I make my way across several stretches of snow, move through a garden of rocks, some the size of buses, and begin another climb to another 12,800’ ridge. Today is turning into one of those days of up and down, up and down. The trail climbs to a high ridge, then drops a couple thousand feet or more into drainage, then back up again.
            I work my way down into the Morgan’s Gulch drainage and notice a marmot on a rock just off the trail. It is just sitting there in the sun, looking happy and well fed, gazing out over so much mountain beauty. What a life! My friend Scott Smith told me once that he’d like to come back to this world as a marmot. Looking at this happy marmat, I can see why.
            Another 12,800’ ridge behind me, and I am working my way towards what will be my last climb of the day. Fortunately, the trail does not appear to drop down as far; from this vantage point, it roughly contours at around 12,600’ before a more gentle approach to the day’s final ridge. As I pass through a lovely stretch of trail lined with blue wildflowers – whipple penstemons, I believe – I notice that a gray cloud up there is beginning to grow into something a bit more ominous looking. Before each ridge today, I was closely watching the sky for any potential for storms. I know how quickly a thunderstorm can build up here, and this exposed alpine landscape, with cover a good long way away, is no place to be when lightning is in the air. Before climbing each ridge, I concluded that the clouds were pretty benign before I headed up and over.

            But this cloud looks different. I decide to kick up the pace and now feel like I am in a race with that cloud, both of us heading for that last ridge. I move through a long stretch of scree, where the potential for a fall goes way up. “OK, take it nice and careful here. You are tired, you want to beat that storm, but a fall right now would definitely be bad news.”  With these words from my inner coach, I make it to the high point and begin down a long series of switchbacks, still well above timberline, down towards Chalk Creek.
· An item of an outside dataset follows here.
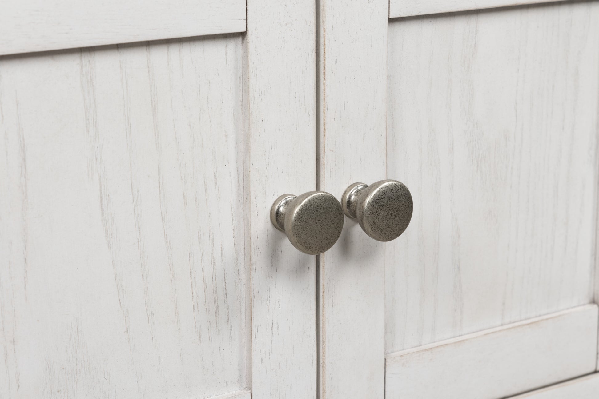 | Details | Includes dining table top and base, Made with rubberwood solids, ash veneer and MDF substrates, Antiqued white finish with wood grain texture, Two 10-bottle wine storage shelves (1 reversible), Lower door cabinet accessible from both sides, 2 pass-through drawer bins, Assembly required | |

A clap of thunder – not loud, but thunder just the same – keeps me moving, as the race is not over yet.
            Finally in the trees, I take a sit-down break and then resume, much more slowly, the last mile or so and a place to camp for the night. As I take off my pack for the last time, I calculate that I covered just over 16 miles today. That sleeping bag is sure going to feel good tonight!